Find the line with "Make a bold" in the records below. Copy it and every line after it, up to and including the line with "Зеркало Lemark MIOBLACK".

▸ **RECORDS**
★ ★ ★

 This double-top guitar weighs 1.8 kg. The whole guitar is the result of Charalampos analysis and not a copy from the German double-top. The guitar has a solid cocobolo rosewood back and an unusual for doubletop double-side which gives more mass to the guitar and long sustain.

★ ★ ★

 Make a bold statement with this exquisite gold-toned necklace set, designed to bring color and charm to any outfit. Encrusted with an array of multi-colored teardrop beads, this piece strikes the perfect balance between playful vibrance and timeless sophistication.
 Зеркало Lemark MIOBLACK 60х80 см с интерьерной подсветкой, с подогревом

★ ★ ★

▸ **ANSWER FOR THIS EXERCISE**
 Make a bold statement with this exquisite gold-toned necklace set, designed to bring color and charm to any outfit. Encrusted with an array of multi-colored teardrop beads, this piece strikes the perfect balance between playful vibrance and timeless sophistication.
 Зеркало Lemark MIOBLACK 60х80 см с интерьерной подсветкой, с подогревом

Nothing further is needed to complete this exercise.